Вначале нужно напомнить о самом значении слова «секулярность», о том, как и в связи с чем слово появляется, но не о начале его исторического функционирования (об этом нам напомнил Андреа Симончини), а о том, откуда это слово вообще берется.

Корень слова «секулярность» — это слово «saeculum» — «век». Оно, кстати, одновременно значило «род» и «пол», очевидно принадлежащие «веку сему» и исчезающие в христианстве, поскольку единственная черта, известная нам о жизни будущего века – это «не женятся и замуж не выходят»: «…чада века сего женятся и выходят замуж; а сподобившиеся достигнуть того века и воскресения из мертвых ни женятся, ни замуж не выходят, и умереть уже не могут, ибо они равны Ангелам и суть сыны Божие, будучи сынами воскресения» (Лк. 20, 33-36) (то, что это единственное, что нам известно о нашей жизни в преображенном состоянии, будет настойчиво подчеркивать Ф.М. Достоевский в знаменитой черновой записи «Маша лежит на столе…» ((Достоевский Ф.М. Полное собрание сочинений в 30 томах. Л., Наука, 1972–1990. Т. 20, с. 172-175.)) ).

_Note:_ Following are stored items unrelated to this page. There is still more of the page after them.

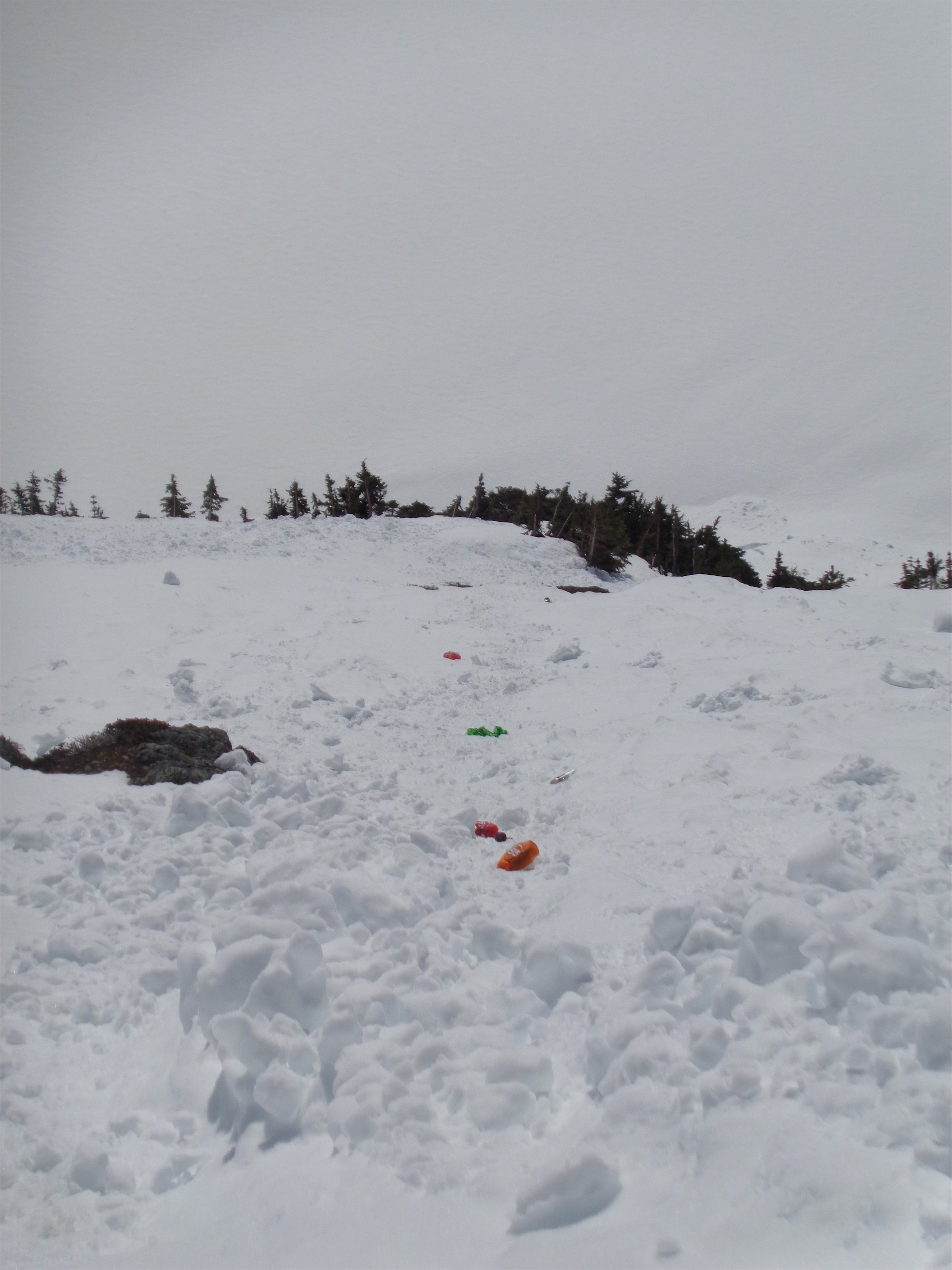 “Isn’t it a little ironic that as soon as I take the rope off, the bag falls 400ft?” I turned to Cheryl as we stared at her pack tumbling down past Calvin, Tony, and Quinn below us, shedding its contents as it went. Shovel here, pole there, beer on that side, stuff sack to the right. Tony came up to check on us after seeing the pack come crashing through a patch of trees above them. Shirtless, working on his base burn. Now that Cheryl was feeling a little more secure with the step-glissade technique (following my steps, step, step, butt scoot, repeat) I picked up the pace to go collect her stuff, and Quinn came along to help. Her stuff was spread out like a rainbow. Everything I came up to, I clipped to my pack. Growler. Half of a pole. The shovel. A jacket. A stuff sack. The other half of the pole. Another stuff sack. Another shirt. A third stuff sack. The pack took a brief break, and then kept falling as we watched helplessly. I looked ridiculous with a garage sale of random gear hanging from my pack and body.
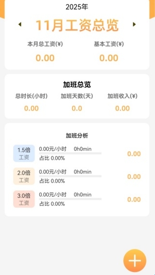 1、快速记录收入、加班时长、加班收入等信息,如能清晰呈现某月总收入、加班时长及加班收入明细。
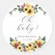 Seal your invitation envelopes or favours with these classic "oh baby!" stickers. Featuring "oh baby!", event name and date framed by a watercolor wreath of greenery, sunflower and roses. Coordinates with the Autumn Delight collection found in the Adore Paper Co. Zazzle Shop.

Это разделение на «сей век» и иное, истинно христианское, состояние вновь возникает в Послании Римлянам апостола Павла, в одном из самых знаменитых мест Нового завета, с которого, видимо, и нужно начать историю понятия «секулярность». С того момента, когда апостол говорит «Не сообразуйтесь с веком сим, но преобразуйтесь обновлением ума вашего, чтобы вам познавать, что есть воля Божия, благая, угодная и совершенная» (Рим. 12, 2).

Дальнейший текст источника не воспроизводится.